• _Task brief_
Please output exactly the part of the records below that opens with the line containing "動画サムネイル（イメージ）" and closes with the line containing "Формирование галтели по примыканиям", both lines included, and nothing else.

• _Records supplied_
========================
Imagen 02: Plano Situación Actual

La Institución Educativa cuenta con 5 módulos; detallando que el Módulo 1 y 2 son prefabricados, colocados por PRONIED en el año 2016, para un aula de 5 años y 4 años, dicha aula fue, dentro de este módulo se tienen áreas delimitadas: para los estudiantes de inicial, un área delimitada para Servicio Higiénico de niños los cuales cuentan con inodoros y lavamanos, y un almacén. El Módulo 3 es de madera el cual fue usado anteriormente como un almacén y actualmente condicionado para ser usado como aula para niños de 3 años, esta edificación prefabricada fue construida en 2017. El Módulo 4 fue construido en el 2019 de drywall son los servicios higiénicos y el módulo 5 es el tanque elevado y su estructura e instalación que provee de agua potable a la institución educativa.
========================
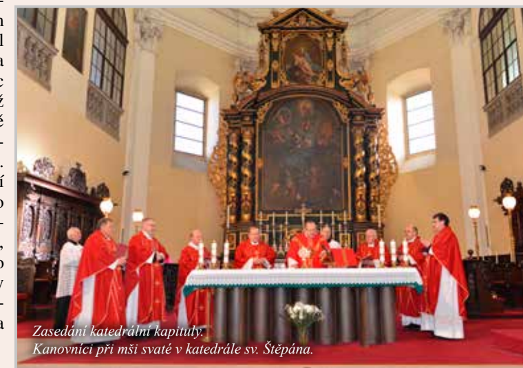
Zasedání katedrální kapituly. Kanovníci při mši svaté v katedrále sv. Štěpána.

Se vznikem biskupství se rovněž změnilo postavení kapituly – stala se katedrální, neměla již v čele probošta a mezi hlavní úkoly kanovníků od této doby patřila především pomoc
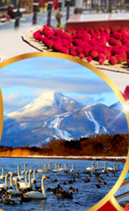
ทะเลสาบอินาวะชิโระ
========================
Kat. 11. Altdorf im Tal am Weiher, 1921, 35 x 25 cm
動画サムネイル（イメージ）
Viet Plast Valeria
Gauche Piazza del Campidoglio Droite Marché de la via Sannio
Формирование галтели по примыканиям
========================
• _Reply to the task_
動画サムネイル（イメージ）
Viet Plast Valeria
Gauche Piazza del Campidoglio Droite Marché de la via Sannio
Формирование галтели по примыканиям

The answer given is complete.